I Bought a Coffee Mug
I broke my favorite coffee mug in the kitchen. I also broke my previous favorite mug, several years ago, probably also by dropping it on the kitchen floor. That one had already survived its handle getting broken off when it was banged against the sink. I'd superglued the handle back on, and miraculously, it remained in a state of repair for many years and through many dishwasher cycles. I don't know how that was possible in the most thin, fragile, load-bearing part of the mug, but I treasured that thing.

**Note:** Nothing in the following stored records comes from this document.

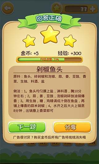 1、白吃?吃货大人?美食家?还是食神?哈哈,来看看你是哪一级吃货?游戏通过丰富的题库和多样的挑战模式,帮助玩家了解自己在美食领域的水平,并逐步提升自己的美食知识。
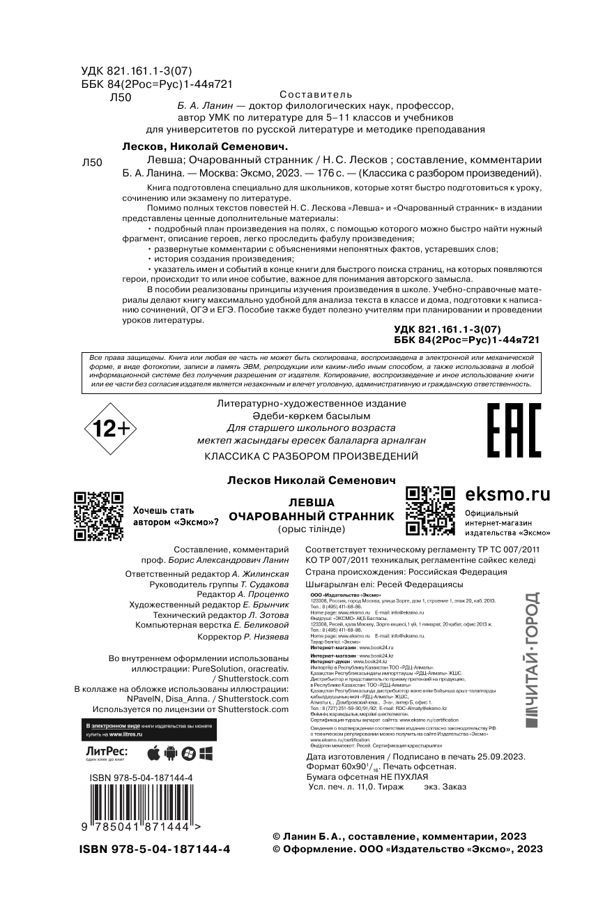 Сервис сравнения цен СкидкаГИД предлагает сравнить цены на товар «Книга: Левша. Очарованный странник (Лесков Николай Семенович); ООО "Издательство "Эксмо", 2023»
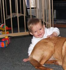 Dear Mary & Stephen, Just thought you might like to see the attached photo of Frankie with Ben & Jackie. She has taken them on just as I hoped she might - she is very protective and gentle around them. If I am at the clothes line or outside and one of the babies wakes up there is almost instantly a gentle prod from an orange nose on my leg to let me know. If we go out for a walk with the pram and another dog or stranger gets too close she is instantly in their way stopping them getting too close to "her" babies, it is lovely.

Both of my favorite mugs were handmade ceramic. They had decorations made from a wax resist in the glaze, which left the underlying red-brown clay artfully exposed in silhouette-like shapes. The older mug was glazed in gradations of deep green, with the form of an evergreen tree on the side; I'd bought it when I lived in the redwoods of Arcata, California. The newer mug was really new, just six months old, and had a flower pattern against a field of freckled, sand-colored glaze. Both were made by local ceramic artists selling at street fairs. I hate buying mass-produced mugs from retail shops, no matter how pretty they might be. Mugs feel like a thing you should always buy secondhand unless you find one that's extra special. Like children's clothing, they are easily destroyed by their owners, and are consigned to thrift shops in bulk when someone finally decides to clean out that overcrowded cabinet. People gift you cutesy ones without knowing your taste, and you force yourself to use them a few times before going back to your favorite. You feel guilty buying new, knowing that secondhand options abound, even though the mug-industrial complex is surely less destructive than the modern clothing business.

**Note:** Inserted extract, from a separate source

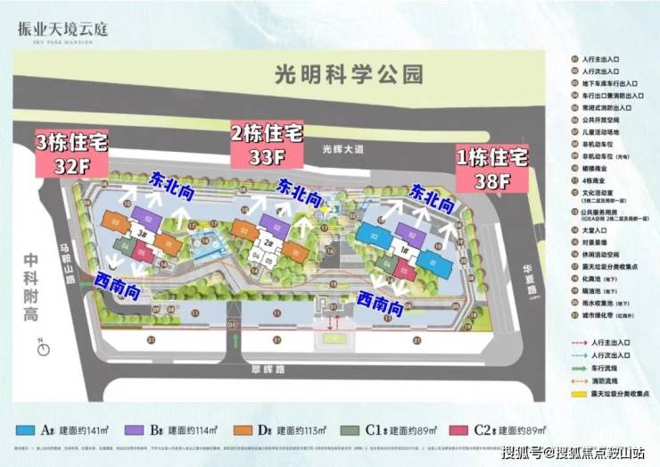 总栋数及楼高:3栋,32-38层。
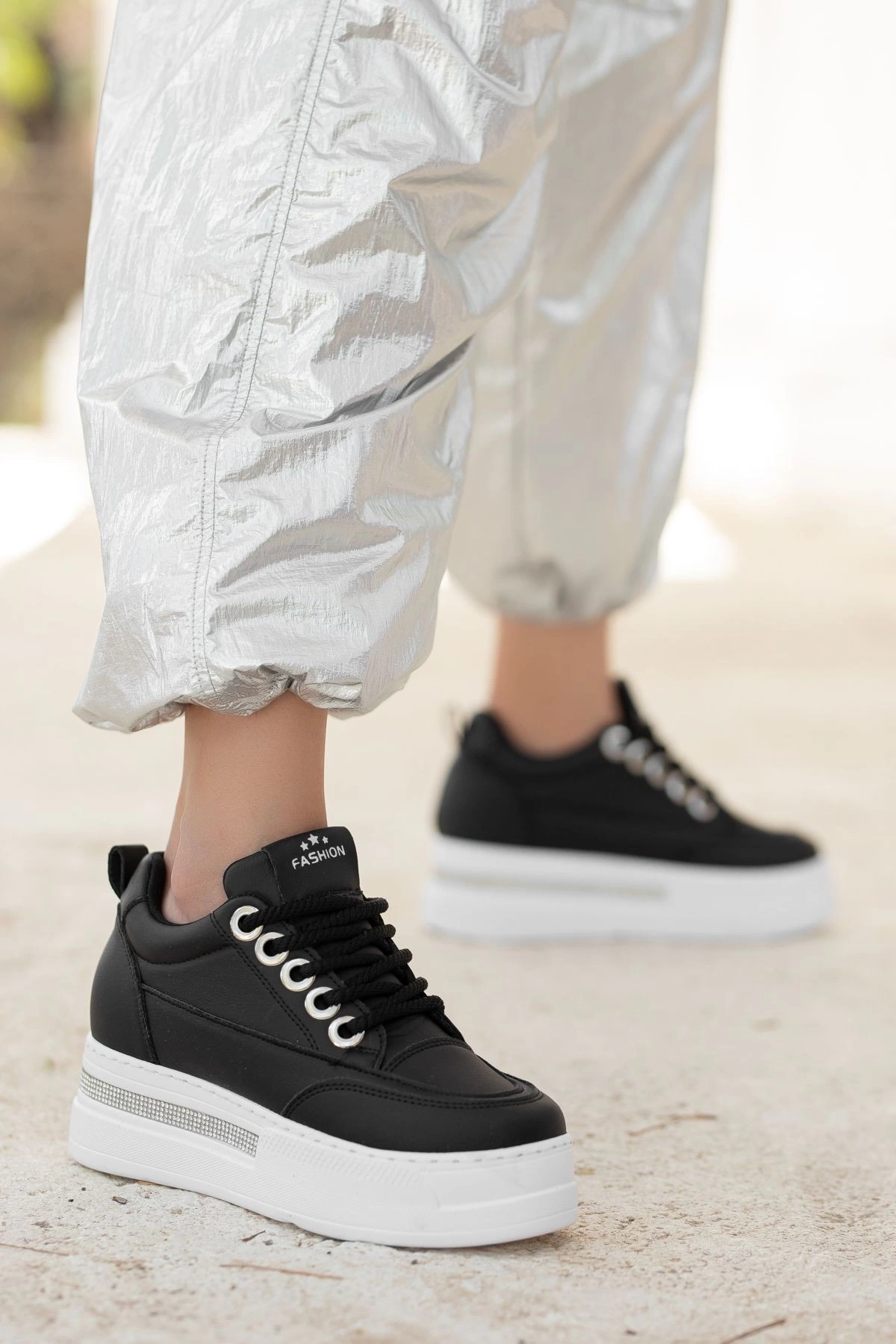 Lulu Siyah Cilt Beyaz Tabanlı Bağcıklı Spor Ayakkabı (Numara: 40)

I try not to buy many coffee mugs in general, because it's too easy to fill a cupboard with them, taking up an amount of space disproportionate to how often they get used in a day. I don't have hooks or any other clever storage option; they just get stacked on top of each other, which is tricky since they all have differently sized bases and openings. Mugs are not meant to be in a matching set unless you're operating an Airbnb or staging your house for selling. They should be collected, like various species of butterfly captured from a meadow. They should be souvenirs. I still have a mug advertising Old Town Sacramento, from childhood, and a Tigger mug that was purchased at Disney World when I turned eighteen. Insulated travel mugs are a slightly different beast, but they're also collectibles: I have a travel mug from New York, and another one that reminds me of the favorite coffee shop in the neighborhood my husband and I formerly lived in. My special mugs are relics that survive the occasional kitchen purge until they get irreversibly chipped or stained.

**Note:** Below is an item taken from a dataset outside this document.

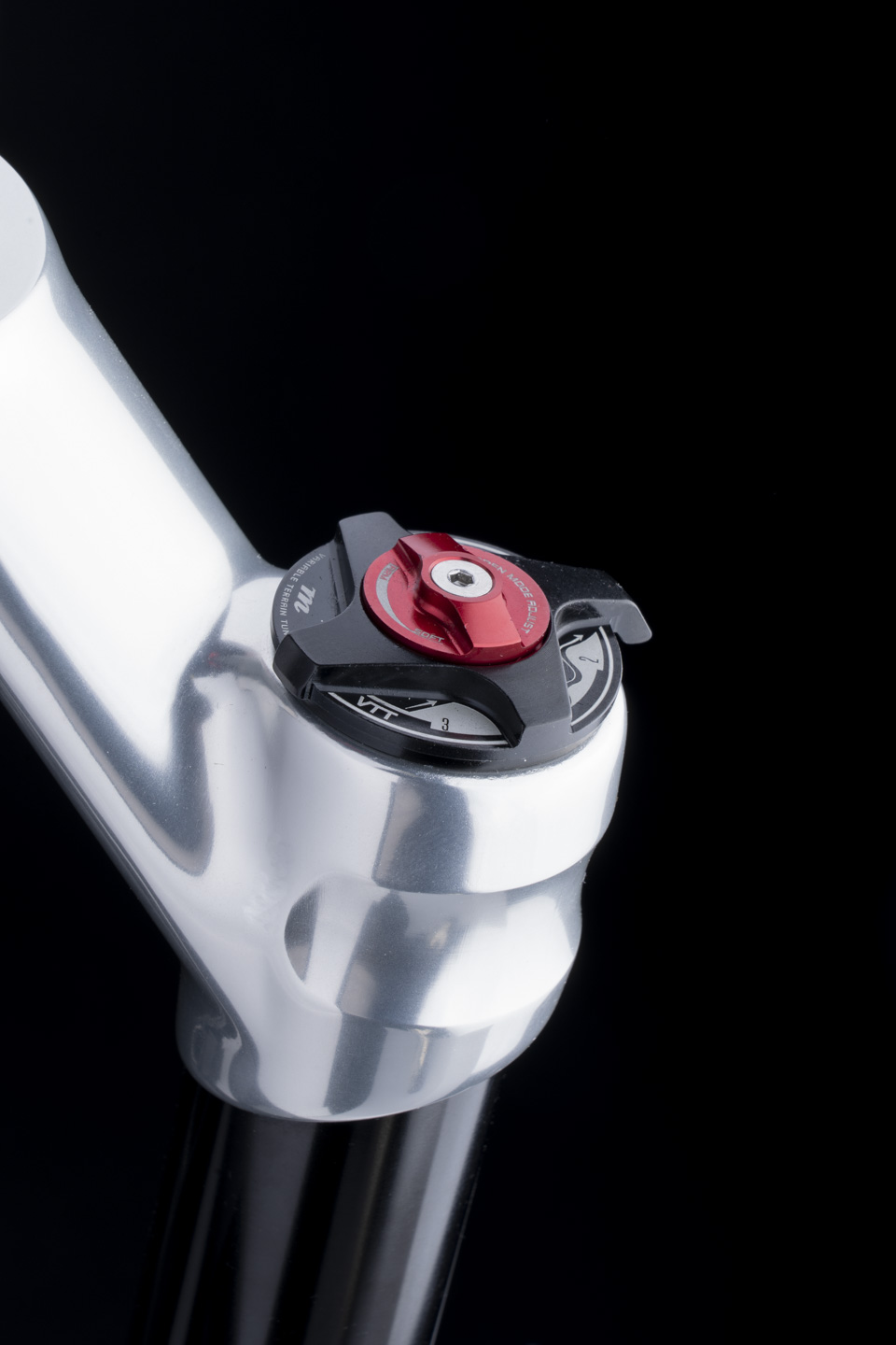 The Variable Terrain Tune (VTT) Pro damper claims to overcome the downside to many dampers with firm lockout modes by eliminating high-speed spikes while maintaining the lock-out force demanded by most XC users. This allows the fork to have a less progressive high-speed response while maintaining some low-speed support without getting wallowy. Independent shimstacks (one for lockout and one for the other two positions) manipulate the characteristic of the damper to be locked out, digressive, or progressive.
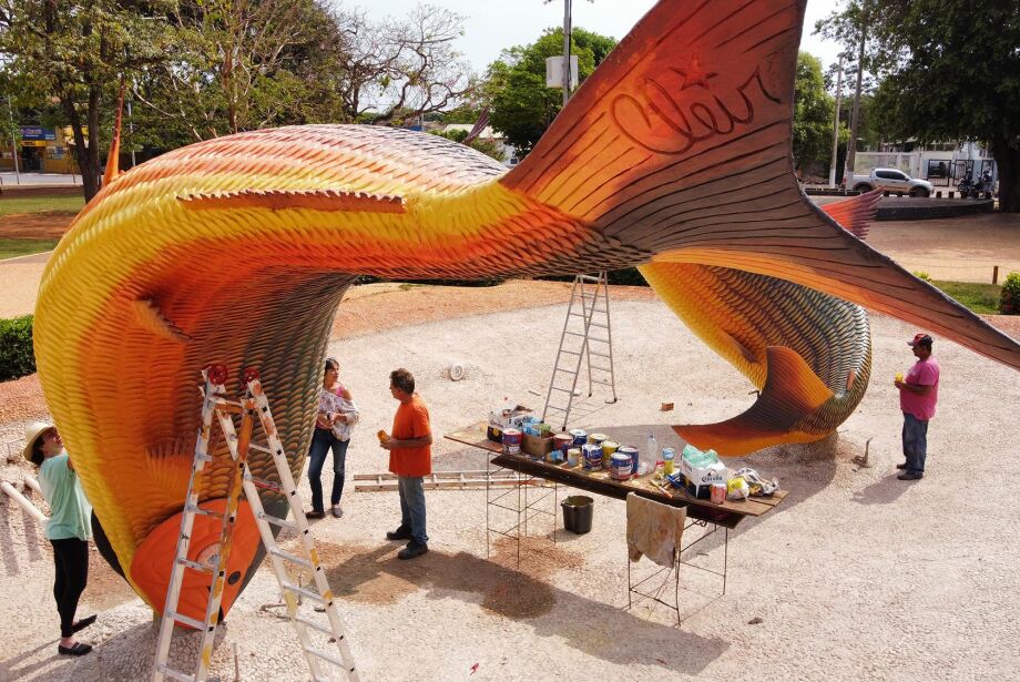 As duas esculturas em argamassa de piraputangas – espécie de peixe abundante nos rios cristalinos da Serra da Bodoquena – saltitando na Praça da Liberdade, um dos cartões-postais de Bonito, estão sendo revitalizadas pelo seu autor, o artista plástico campo-grandense Cleir Ávila, pintor e escultor de grande relevância em Mato Grosso do Sul.

Breaking my favorite mug recently gave me an excuse to hunt for a new one, although our household didn't need it. My husband and I drink a fair amount of coffee and had no shortage of vessels, but there was a void in the Flowery/Girly Mug department. I found one while shopping in Portland—not handmade, but had the virtues of being sold by a local chain (Powell's) and designed by a Northwest Indigenous artist. It features a hummingbird rendered in purple tones against a speckled white background, and a solid periwinkle interior. Instantly it reminded me of another souvenir I used to have, a cute purple T-shirt with hummingbirds that I'd bought at the natural history museum in New York. I buy few travel souvenirs and try to choose them carefully, so I was disappointed when the "large" shirt turned out to be too small for my curvy body. So this charming new mug was bound to patch two tiny holes in my heart.
I couldn't wait to drink coffee from it the next morning, and I wondered why this felt like such a delightful treat. Why do mugs feel so precious and personal to coffee and tea drinkers? Coffee is a miracle drink, yes, but it's also a mundane commodity that people consume every day—practically a necessity just to get revved up for work. It's not like I'm coming in from a frigid ski slope, warming my hands around a mug of hot liquid, inhaling a perfect curlicue of steam like I'm in a commercial. I'm typically nursing a homemade americano at my desk, keeping it on a USB-powered mug warmer that's probably dangerously close to the keyboard and mouse. I barely look at the cup itself, just lift it to my lips while I'm working.
I suppose we need something to jazz up the appearance of the brown bean water we drink. Decorated mugs are like any other pretty things we surround ourselves with: curated to help create a sense of place and confer a touch of joy on ordinary days. I keep my childhood Sacramento mug, emblazoned with my name, at my cubicle to feel slightly more cozy on days when I work away from home. If that one can last 30+ years without breaking, surely I can make my new hummingbird mug last a while.